CIAT has centres in Colombia and Vietnam, with researchers working in 53 countries worldwide. Having novel sources of pest resistance will benefit cassava breeders and growers in many countries, however we will promote our new resources to breeders in Colombia, Brazil, Vietnam, Cambodia and Lao People's Democratic Republic, using CIAT's existing extension networks.

Planned Impact

Cassava (Manihot esculenta) is a globally important crop and a key staple for millions in Africa, Asia and Latin America; it is often grown under harsh conditions and in poor soil where other crops would fail. Cassava's roots and leaves are consumed as food, and cassava also has important uses for bioenergy and the production of industrial starch. Improving the disease resistance of cassava varieties will reduce yield losses globally, improving the welfare of communities dependent on this staple crop.

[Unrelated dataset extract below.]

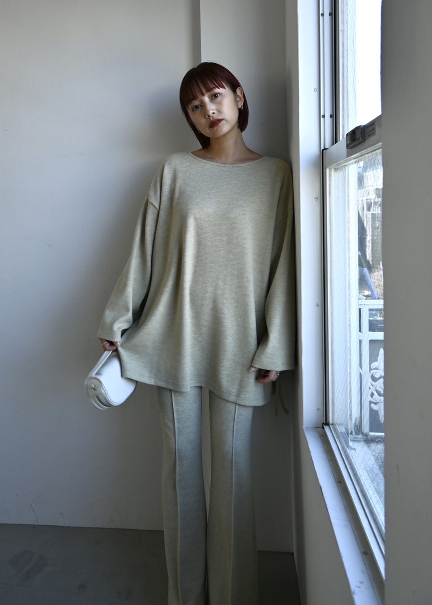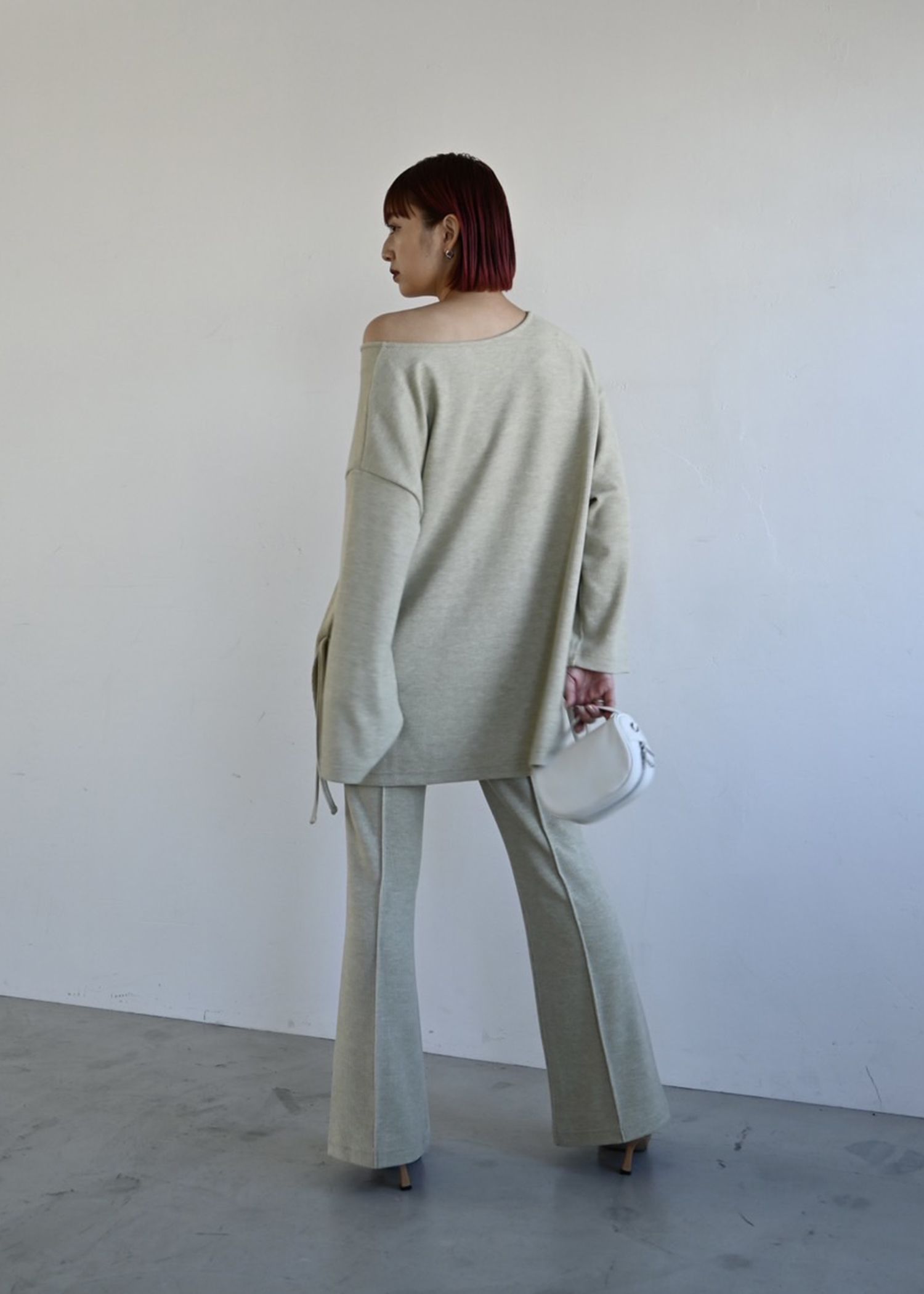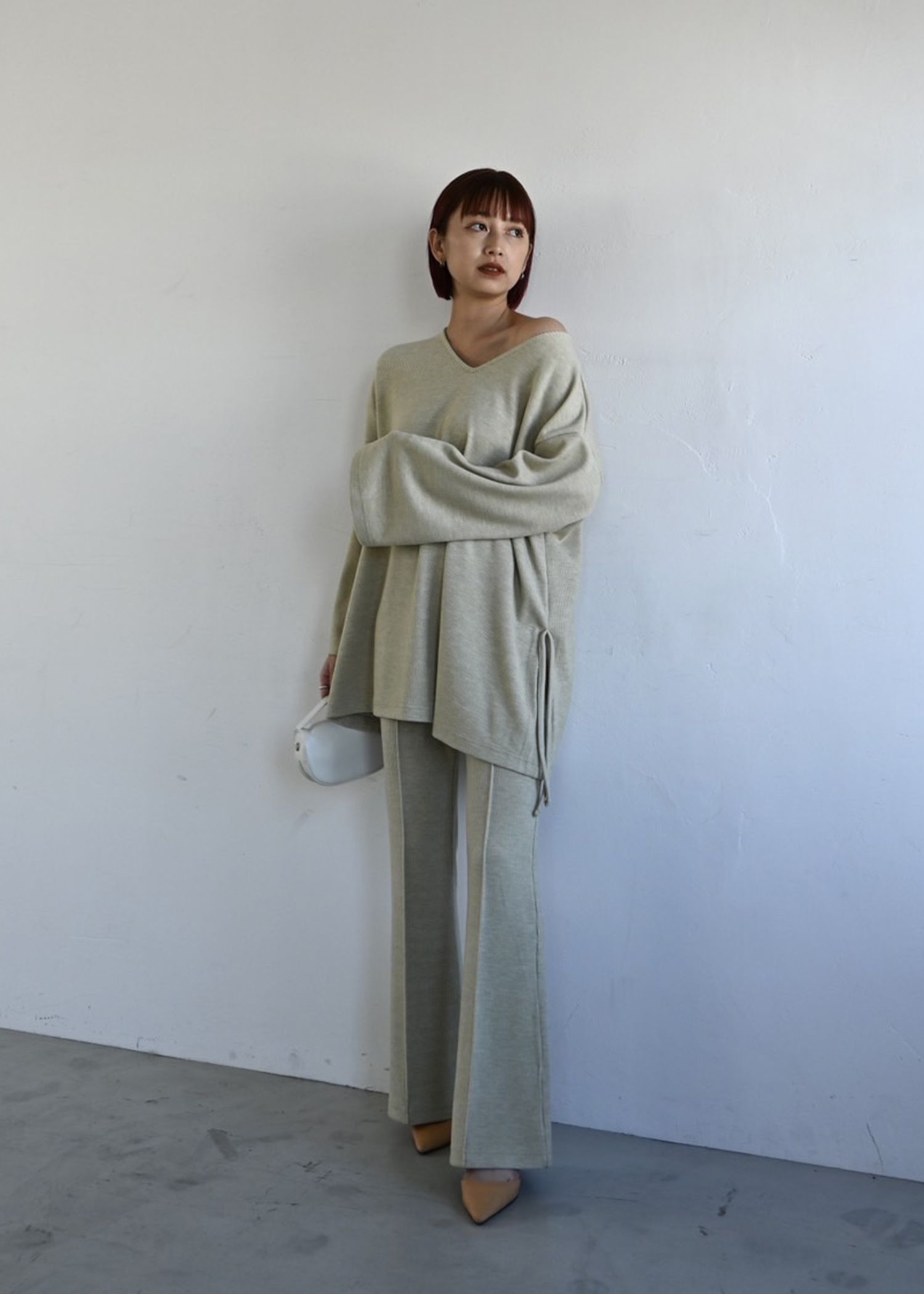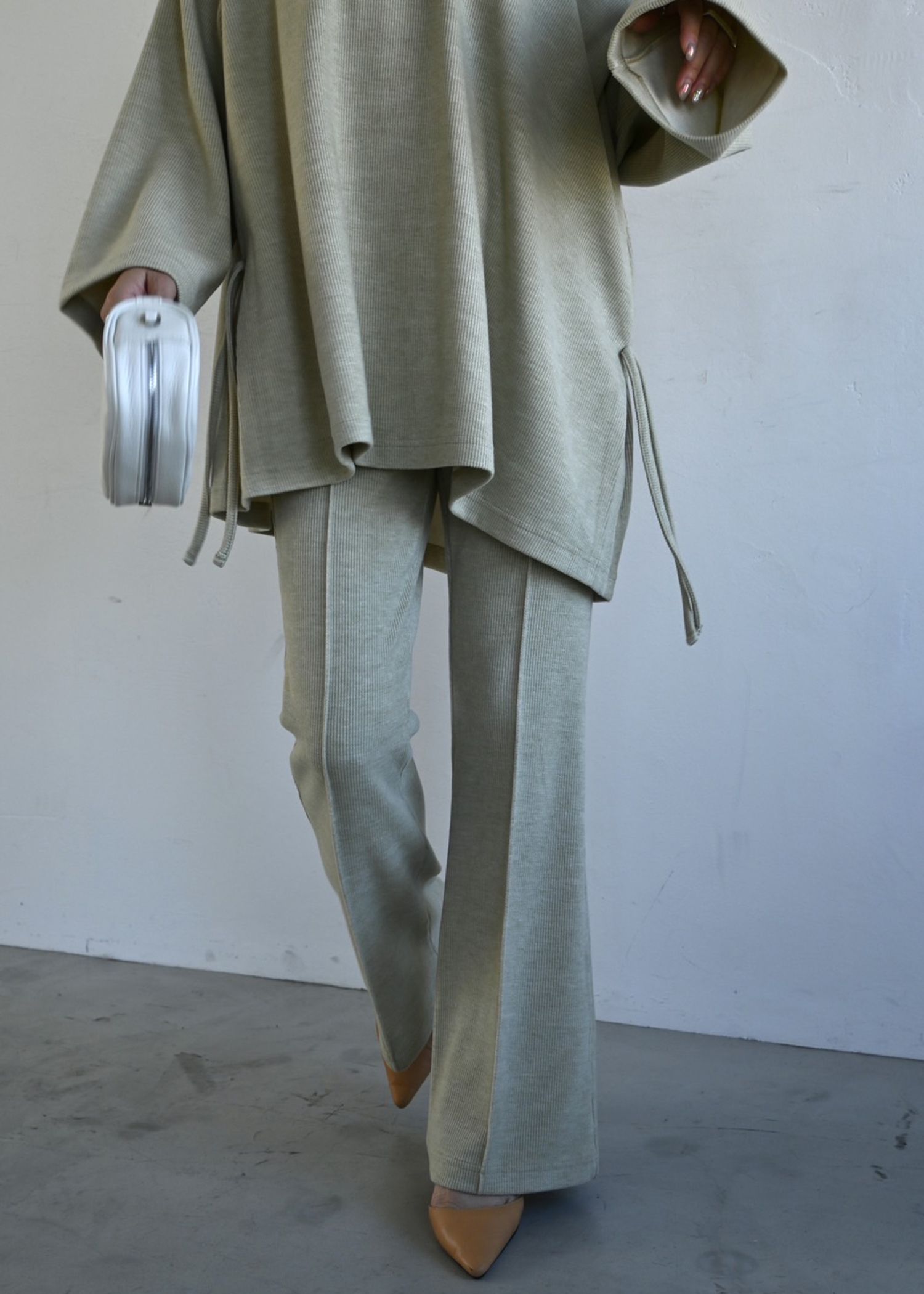 side ribbon tuck bell sleeve rib tops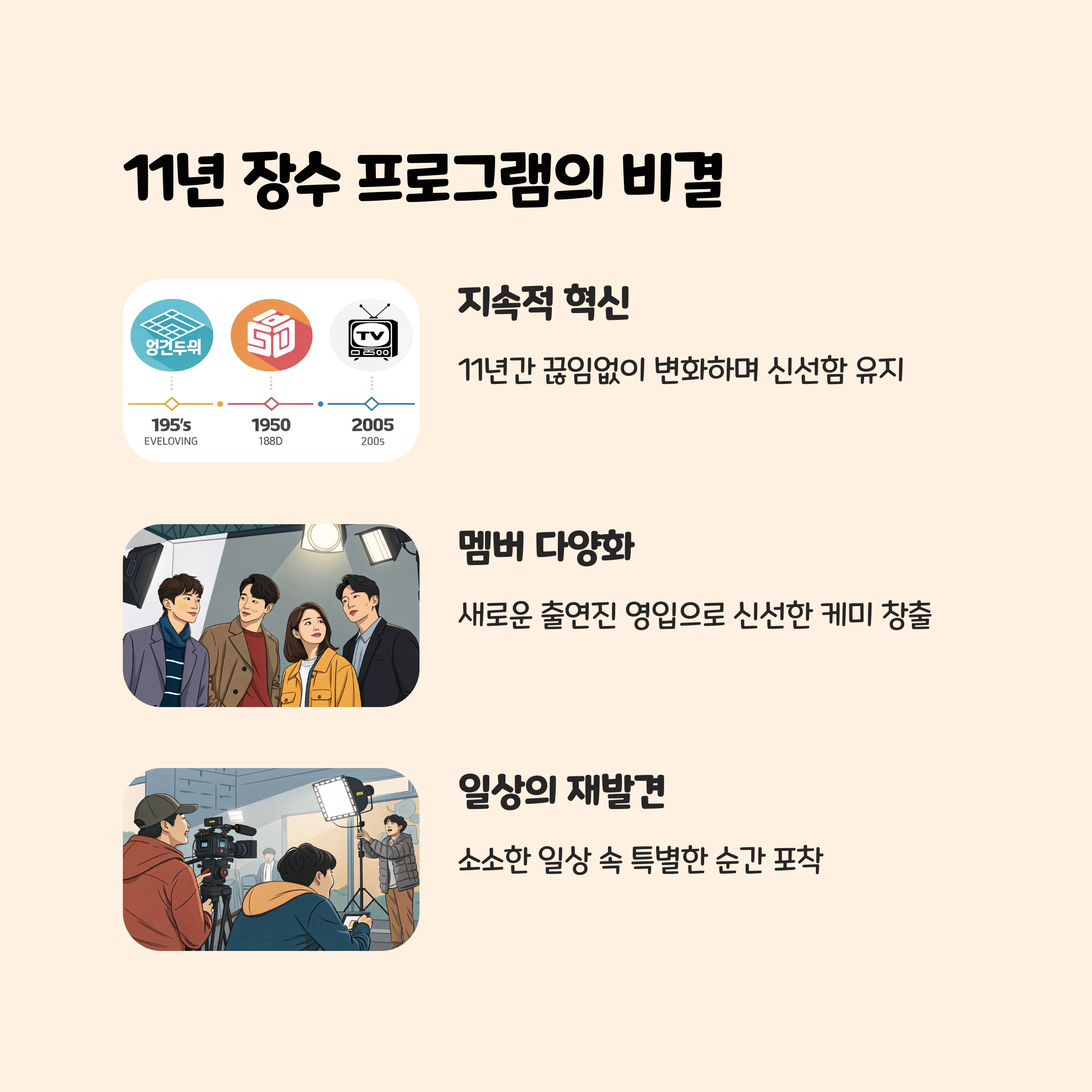 JTBC, SBS, KBS 등 주요 방송사들도 스핀오프와 시즌제를 통해 새로운 재미를 선사하며, 예능의 진화와 변화를 이끌었습니다. 각 프로그램마다 최고의 시청률 장면에서는 출연진의 진솔한 리액션과 예상치 못한 상황이 시청자들의 공감을 자아냈다는 공통점이 있습니다.

The direct beneficiaries from this project will be cassava researchers and (pre)breeders, as they will be able to make genomically and phenotypically informed wide crosses using cassava wild relatives. Cassava pre-breeders will have genomic information for 30 Manihot species and their phenotypes in response to three pests/diseases (whitefly, cassava frogskin disease and bacterial blight) to help make informed breeding decisions about the inclusion of wild materials. Breeders will be able to take advantage of novel sources of pest and disease resistance for their breeding programmes, and improved varieties will benefit farmers and consumers through a more predictable supply. CIAT's genebank will also benefit from the inclusion of additional genomic and phenotypic information, and novel query tools and visualisations, encouraging the use of their materials for breeding projects.

Indirect beneficiaries include researchers in other crops, as this approach may serve as an exemplar. Also genebanks for other species could benefit from the adoption of the query tools and visualisations which we will develop.

In the long term, cassava-growing regions will benefit as they face fewer losses associated with pests/disease, in particular in Latin America and South East Asia (e.g. Colombia, Brazil, Vietnam, Cambodia and Lao People's Democratic Republic). Increased yield of cassava will improve food security and public health in the face of climate change. Reduced dependency on pesticides will also provide environmental benefits.

This programme will generate new opportunities for collaborative work between NIAB and CIAT. The proposed work will directly impact the local UK community with the generation of new jobs in the field of computational biology. This collaboration will contribute to reinforce the UK's leadership in bioinformatics and genomics, translating this expertise into the breeding of a tropical crop and having a positive impact on the global economy.